ユーノは疑いと怯えの混ざった眼差しでデルマーノを見る。
リリアなど震えているではないか。

「俺ゃ、デルマーノ。ソイツの飼い主だ」

シュナイツ王宮の外であり、他の騎士の目がない為かデルマーノは乱暴に言った。
アリアはそれでは十分ではないと、補足する。

「私はアリア・アルマニエ。シュナイツ王国から来た近衛騎士です。そして彼が近衛魔導隊の隊長。シュナイツ王国より派遣され本日、入城しました」

「貴方達が……援軍ですか…」

騎士と聞き、安心したのだろう彼女達から怯えが消えていた。

「申し訳ありません。私達は……その…任務以外で戦闘は出来ないのです……特に他国では…だから……」

歯切れの悪いアリアの話しを切り、デルマーノは話す。

「はっ……俺達ゃ、シンシア皇妃とユーノ姫、リリア姫……つまりお前等のシュナイツへの亡命時の護衛として来たんだ」

「「……えっ?」」

ユーノとリリアは声を上げ、驚く。
すると、ユーノは怒りで肩を震わし、言った。

「わ、私達に……兵を、民を見捨てて逃げろとっ?」

「ふんっ……俺達が強制的に連れて行く事は出来ねぇ。
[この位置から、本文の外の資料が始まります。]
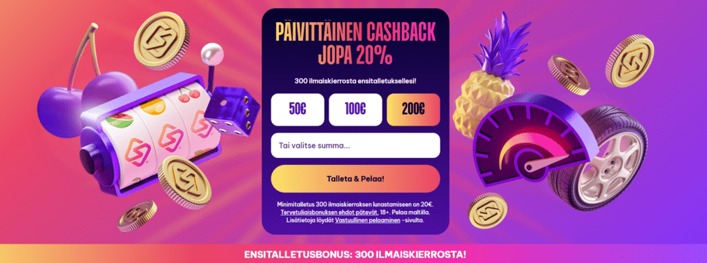 Talleta 20€ – Saat 300 ilmaiskierrosta

決めるのはお前達だ。だが…敗軍の女達がどんな扱いを受けるか知らねぇ訳じゃないだろ?」

ユーノは口を開け、反論を試みるが言葉を出せない。
無言の姉に代わり、今度はリリアが尋ねた。

「お、お父様やヒルツお兄様は一緒じゃ…ないの?」

「残念ながらな。シュナイツ騎士がゼノビス皇や前妃の息子を助ける義理ゃねぇし」

リリアは泣きそうな顔で俯き、黙ってしまう。
言葉を紡がなくなってしまった朽ちゆく国の姫君達を気遣い、アリアはデルマーノを引き寄せ、耳元で話した。
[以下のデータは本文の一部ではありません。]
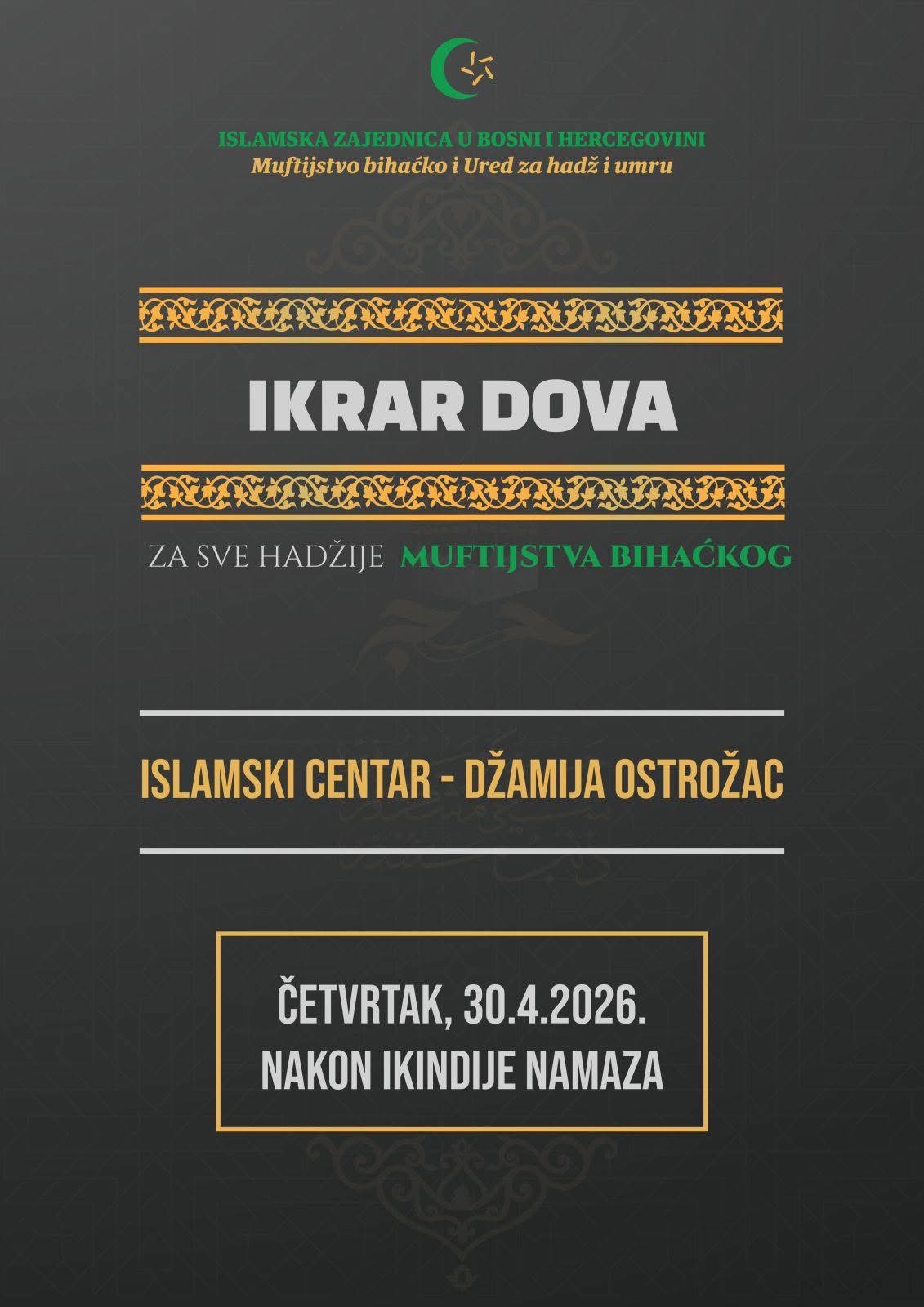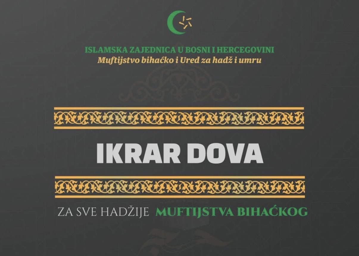 U Islamskom centru – džamiji Ostrožac u Cazinu u četvrtak, 30. aprila 2026. godine, bit će upriličena ikrar dova i svečani ispraćaj ovogodišnjih hadžija s područja Muftijstva bihaćkog.

「ちょっと……デルマーノ、もう少し遠回しに言えないの?」

「はっ……こうゆうのは誤解をされねぇように正しく言わなきゃいけねぇ。じゃねぇと、変な期待を持たせるからな…」

「でも……可哀想じゃない…」

「ふんっ……本当に可哀想なのはこの国の国民だぜ。貴族や王族が何で税を課せれるか?そりゃ、命に代えてでも民を守るからだ。つー事は今回の事は言うなりゃ、ゼノビス皇やこの国の貴族共の怠慢だ」

「そんな、言い方は…」

エリーゼの時もそうだったが、この男は王族を相手にしても容赦がない。

「だってよ。この国ゃ、隣接してんにも関わらず、カルタラ同盟国家群に属そうとはしなかった。怠慢が嫌なら……義務の放棄だな……痛ぇっ!」

アリアはデルマーノの左手の甲を抓り、黙らせるとユーノとリリアに頭を下げる。

「連れの非礼、本当に申し訳ありません。深く、深く反省させますので……」

甲を抓ったまま、アリアはデルマーノを連れて、城内へ入った。
残された二人の少女と一匹の竜。
アルゴは大きく欠伸をした。




「もう、もう!貴方はもう少し気を使うことを覚えるべきよっ!」

城へ入るとアリアは怒った。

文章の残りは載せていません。